ISLAM DI KUDUS ( abad 16 - 19 M )  ; ANTARA PERSPEKTIF BELANDA DAN HIKAYAT RAKYAT. 

Oleh:  Makhin Ahmad

Sejarah Kudus berangkat dari hijrahnya Sunan Kudus ke daerah Tajug yang berada di kawasan Pulau Muria. Dalam buku "The Islamic State of Java", Th. Pigeaud dan D.J. De Graf pernah menulis bahwa pasca hijrah ke pulau muria, Sunan Kudus berhasil membangun kota keagamaan yang hari ini bernama Kudus. Menurut tradisi lisan, kawasan tsb berada di sebelah barat sungai Gelis.  Istilah "Kota keagamaan" yang dipakai oleh D.J. De Graf ini-lah yang tentunya sangat menarik untuk kita dalami.

Dua sejarawan gaek di atas tidak menjelaskan gambaran yang rinci tentang kota islam yang baru ini. Dia hanya menulis bahwa kota di kawasan pulau Muria itu, seperti kota Pati, Jepara dan Juwana, adalah kota kecil dibanding Demak yang banyak ditumbuhi pohon-pohon jati. Kawasan pulau Muria pada abad 16 umun-nya menjadi pemasok beras ke kawasan Demak. Sebagaimana diketahui, Demak saat itu adalah kota terpenting di Jawa dan dihuni tak kurang dari 7 ribu orang.

Tome Pires di dalam bukunya "Suma Oriental" juga tidak banyak memberi informasi tentang islam di Kudus. Agen Portugis yang datang ke Jawa pada paruh pertama abad 15 M itu justru malah banyak berbicara tentang Jepara, Demak, Pati, atau Cajongan (Juwana). Hal ini bisa dimaklumi karena Kudus saat itu belum ada. Kudus sendiri baru berdiri sesudah kedatangan Pires, yakni pada tahun 1549 M. (Hitungan berdasarkan prasasti Menara).

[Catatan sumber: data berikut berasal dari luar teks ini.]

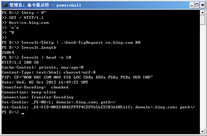 $http | .\Send-TcpRequest cn.bing.com 80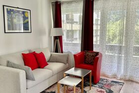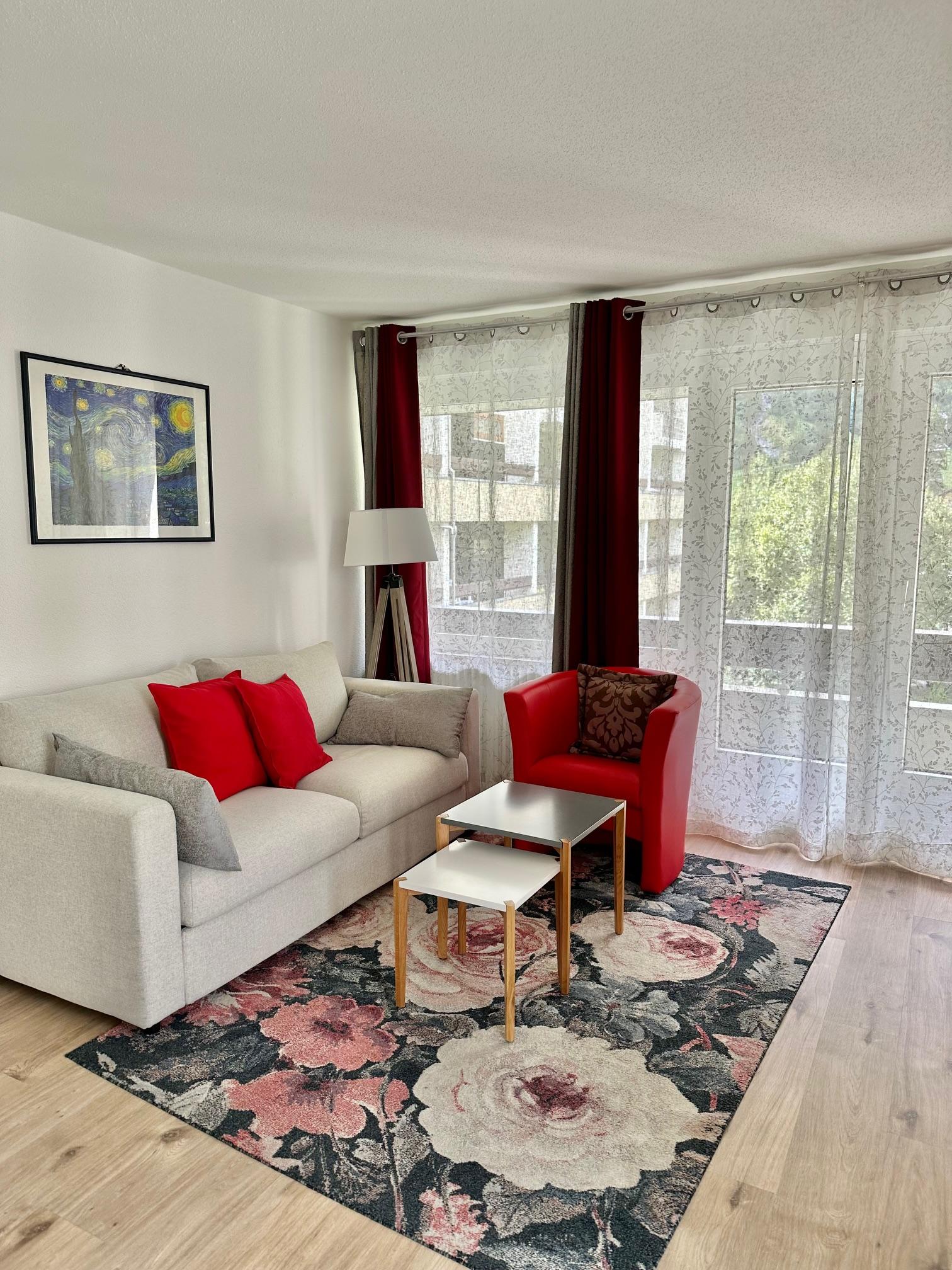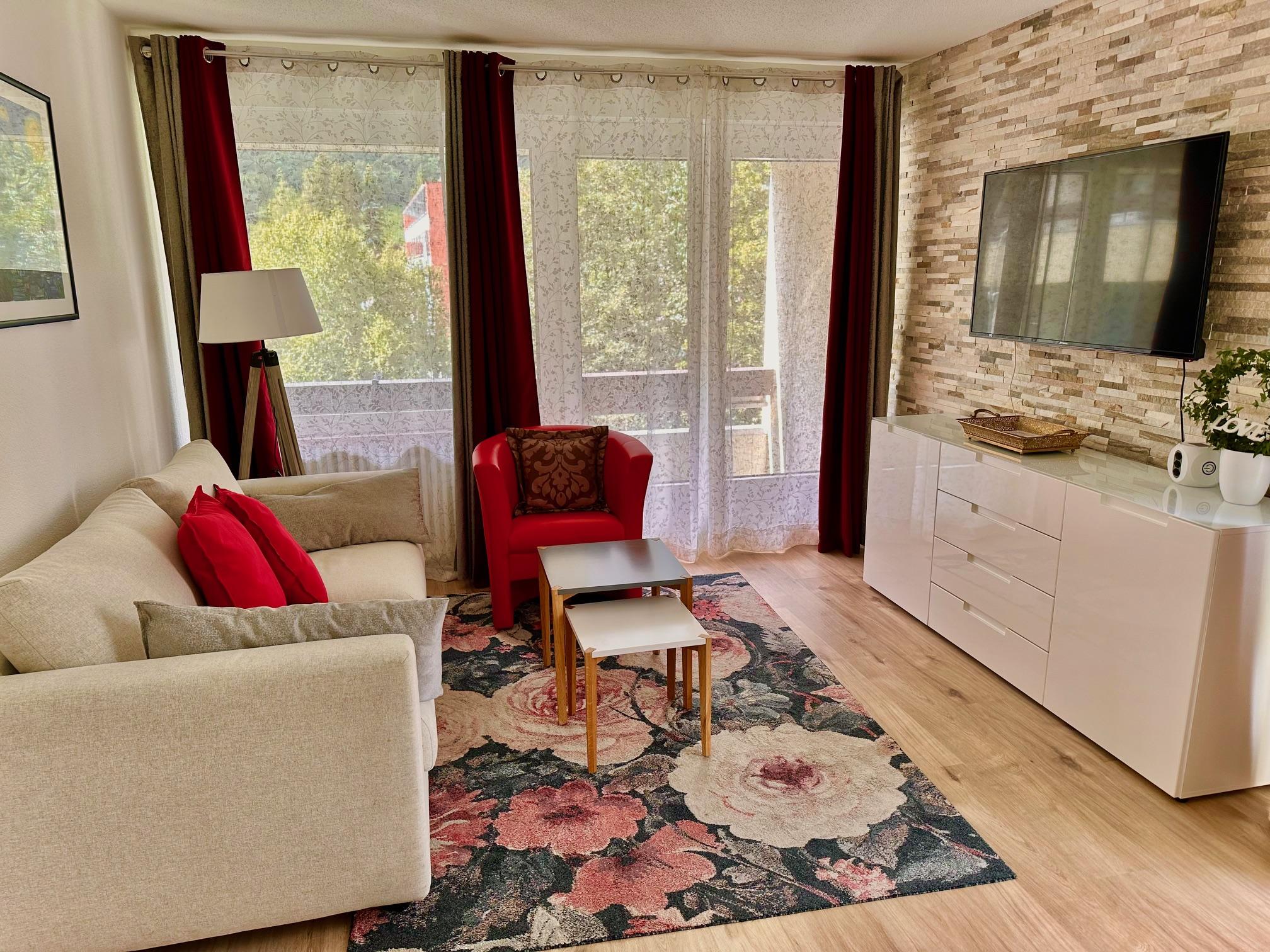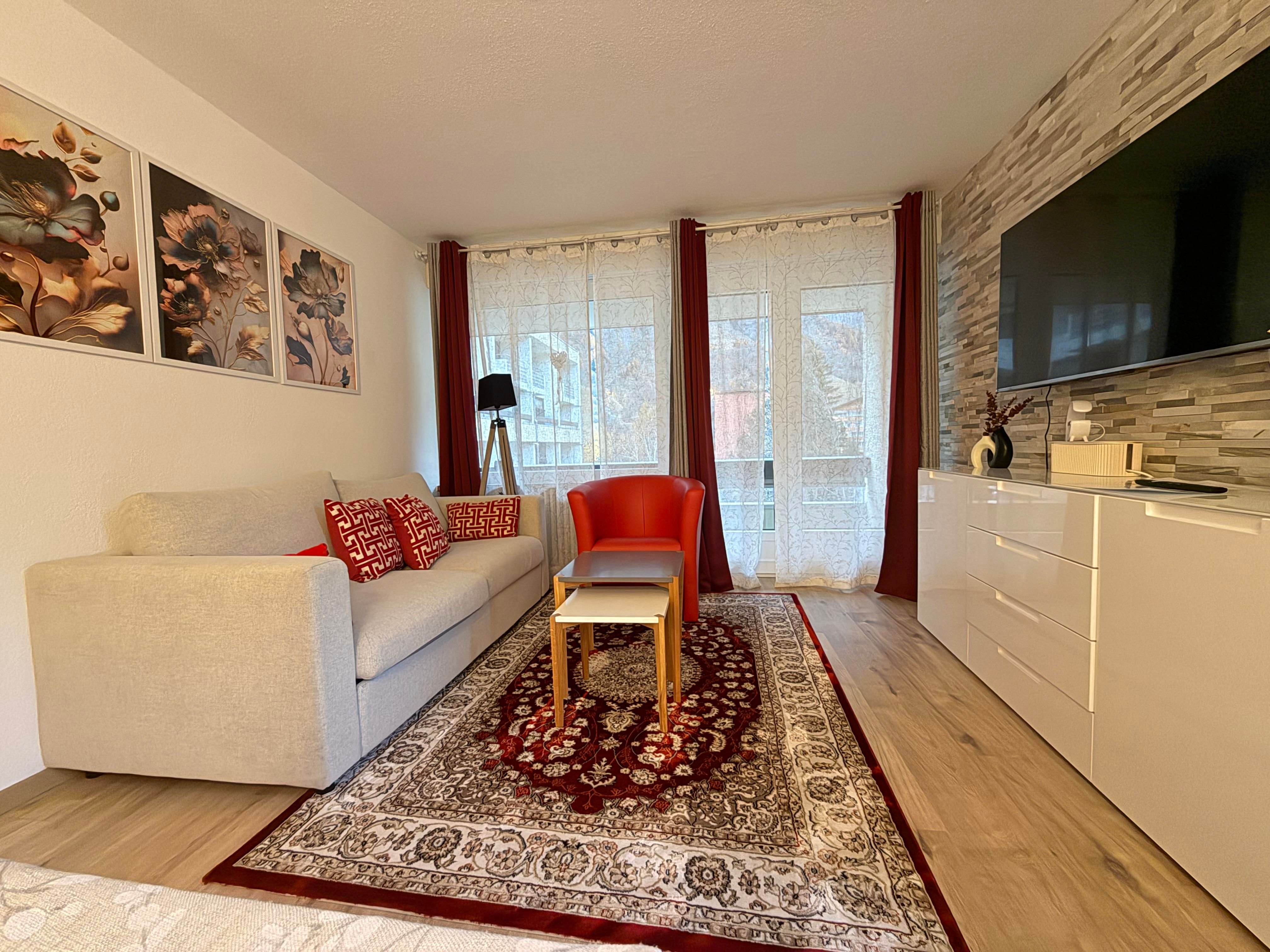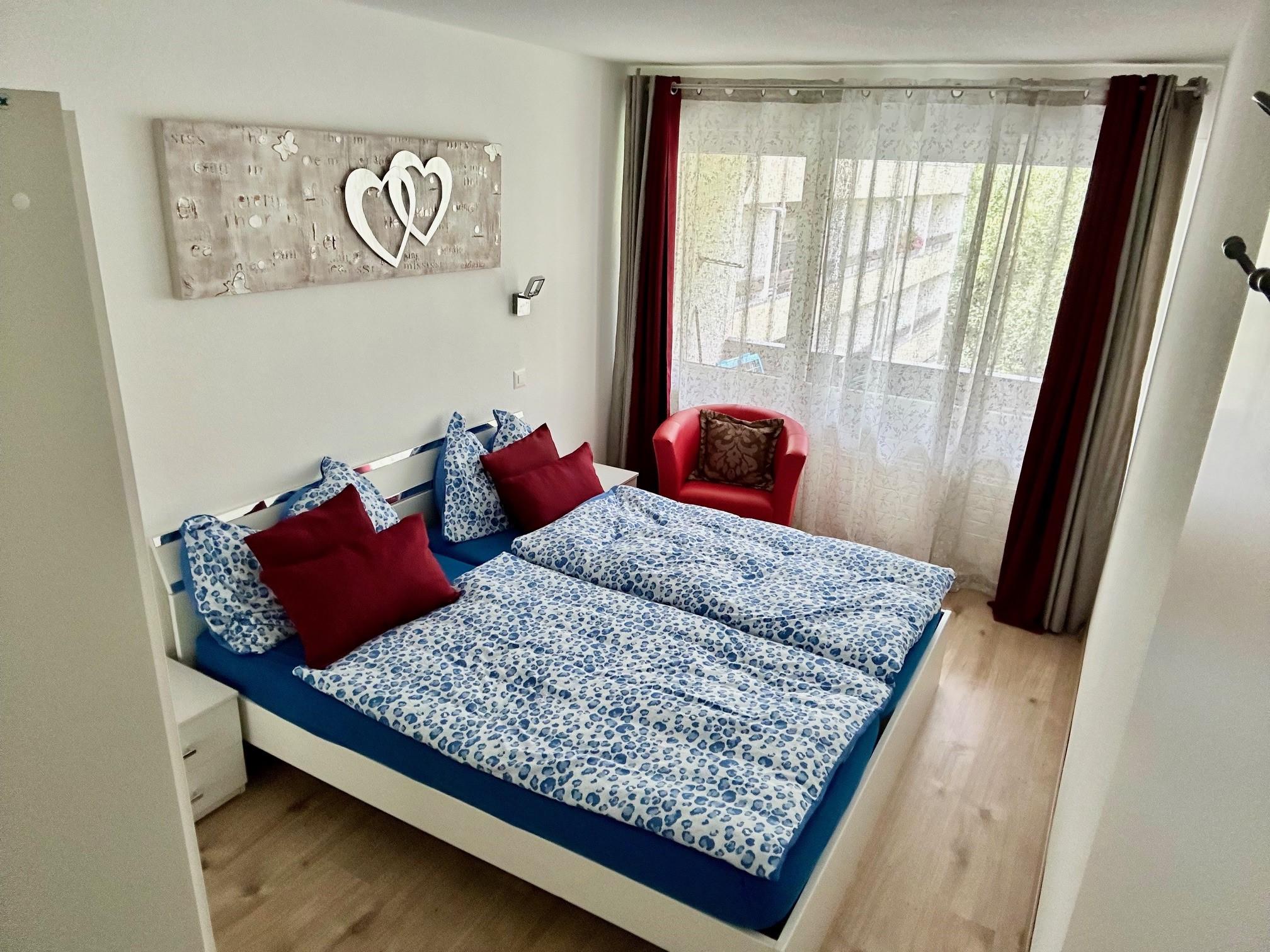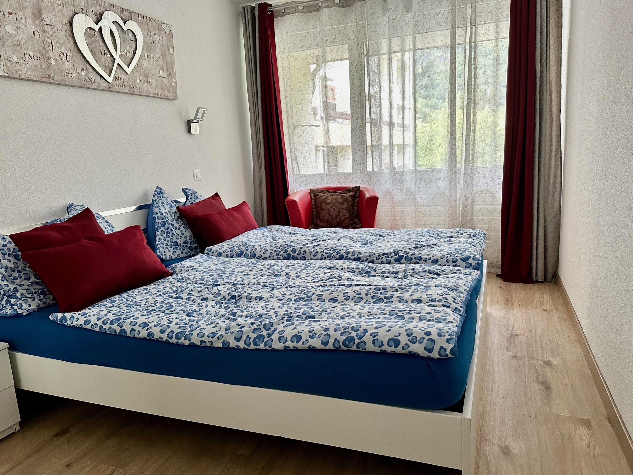 2-Zimmerwohnung, neu renoviert: Wohn-/Esszimmer mit Doppel-Schlafsofa, Radio, TV, gratis WiFi, separate Küche mit Geschirrspüler, 1 Schlafzimmer mit Doppelbett, Dusche/WC, Balkon auf Westseite. Nichtraucherwohnung. Haustiere sind nicht erlaubt. Garagenplatz zu mieten.

Meski demikian, Tome Pires sempat menyebut lokasi Kudus berada, yakni kawasa gunung Muria. Ia juga menulis tentang adanya selat yang memisahkan Demak dengan kepulaun Muria, yang katanya bisa dilalui kapal-kapal besar hingga ke daerah Rembang. Apa yang disampaikan Pires ini, agaknya bisa diperkuat dengan cerita rakyat desa Jepang - Mejobo. Menurut tradisi lisan daerah tsb dulunya adalah rawa-rawa. Arya Jipang yang diyakini sebagai cikal bakal daerah tsb, dulu sempat menambatkan perahunya di daerah tsb saat hendak menemui Sunan Kudus. 

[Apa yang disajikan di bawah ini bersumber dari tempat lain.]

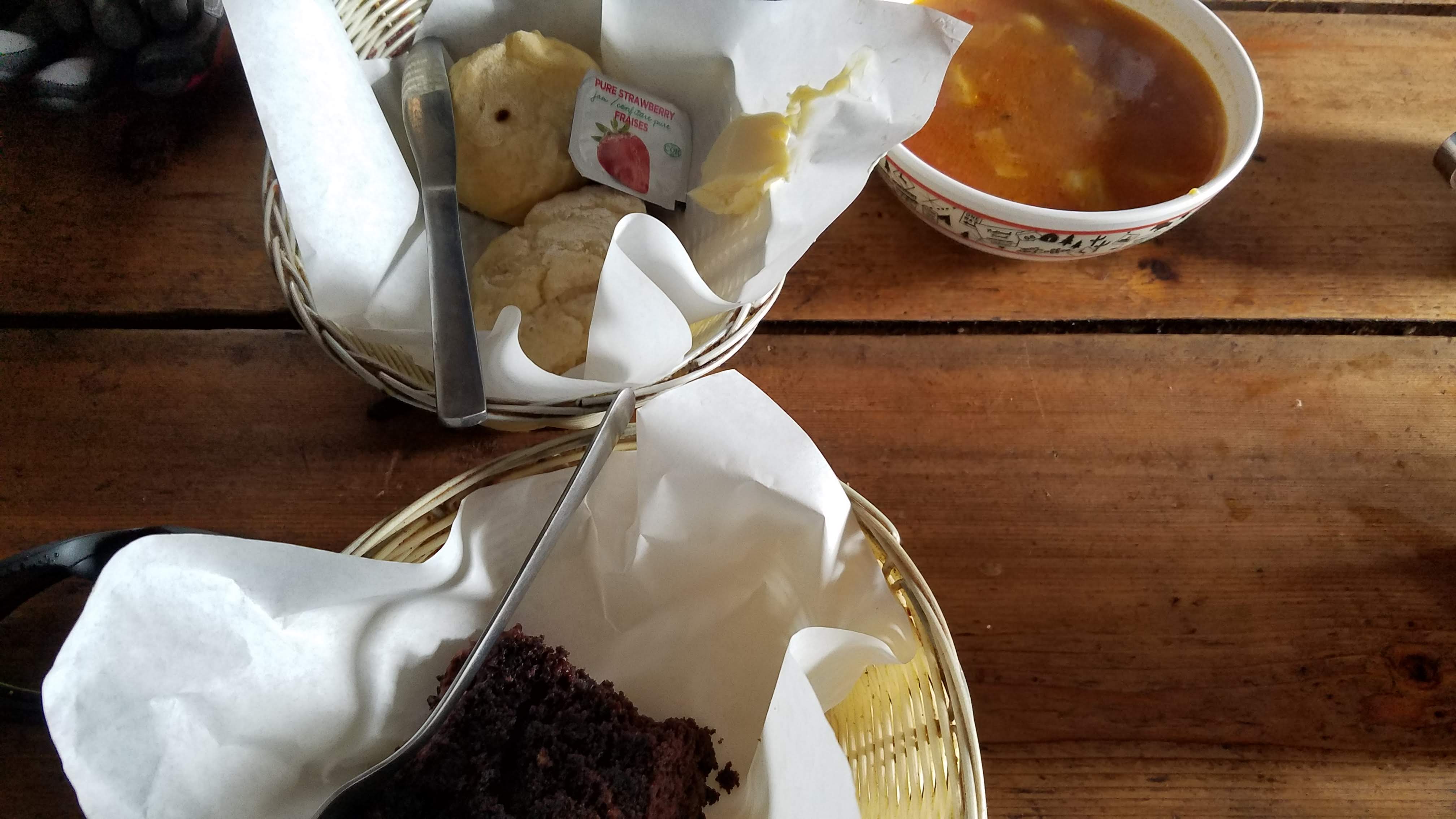 The most difficult part of the first half of this hike was after we passed the Plain of Six Glaciers teahouse and continued up towards the actual glacier… we were apparently the first to use that trail for the day, so we were blazing the trail through shin-deep snow. We ultimately reached a point where we weren’t sure if the trail ended or continued… so we decided it was the end, and turned back to the teahouse for some warm tea, a bowl of soup, and a huge slice of chocolate cake that they make right there, up on the mountain.

Sebelumnya Tome Pires juga telah menggambarkan kondisi sosial pesisir utara jawa secara umum. Menurutnya, di Pesisir utara Jawa saat itu banyak terdapat pedagang asing dari Arab, Persia, Gujarat, dan Cina. Apa yang disampaikan Tome Pires ini, jika kita tarik lebih jauh sebenarnya punya akar sejarah yang kuat. Apalagi secara geografis, laut Jawa saat itu merupakan jalur sutra perdagangan internasional. Wajar bila kemudian banyak pedagang asing di sepanjang pesisir tsb, terlebih pasca jatuhnya Malaka ke tangan VOC yang membuat para pedagang harus mencari lahan baru.

Tome Pires tidak menggambarkan secara rinci tentang kondisi islam di pesisir utara pada masa itu. Namun ia bilang bahwa orang asing itu, selain berdagang juga berdakwah dan membangun masjid. Pertanyaan kita : Apa nama masjid tsb dan ada di daerah mana ? Tidak ada informasi yang jelas. Hanya menurut tradisi lisan,  terdapat sebuah masjid di Demak yang usianya lebih tua dibanding masjid agung yang dibangun Wali songo. Konon, masjid ini dibangun oleh saudagar Palembang. Laporan ini kalau bisa dipastikan kebenarannya, agaknya akan sesuai dengan apa yang disampaikan oleh utusan Portugis tsb.

Berbicara soal sejarah berdirinya kota Kudus tentu tidak bisa dilepaskan dengan peristiwa hijrah-nya Sunan Kudus dari Demak ke kepulauan Muria. Peristiwa ini-lah yang kemudian tercatat oleh sumber-sumber Belanda, dan dianggap menjadi titik awal lahirnya kota "keagamaan" yang baru sebagai pecahan dari Demak. Pasca hijrah tidak saya temukan catatan rinci tentang kehidupan Sunan Kudus ini. Sumber-sumber yang ada justru lebih sering menyoroti kiprah beliau saat masih aktif di Demak.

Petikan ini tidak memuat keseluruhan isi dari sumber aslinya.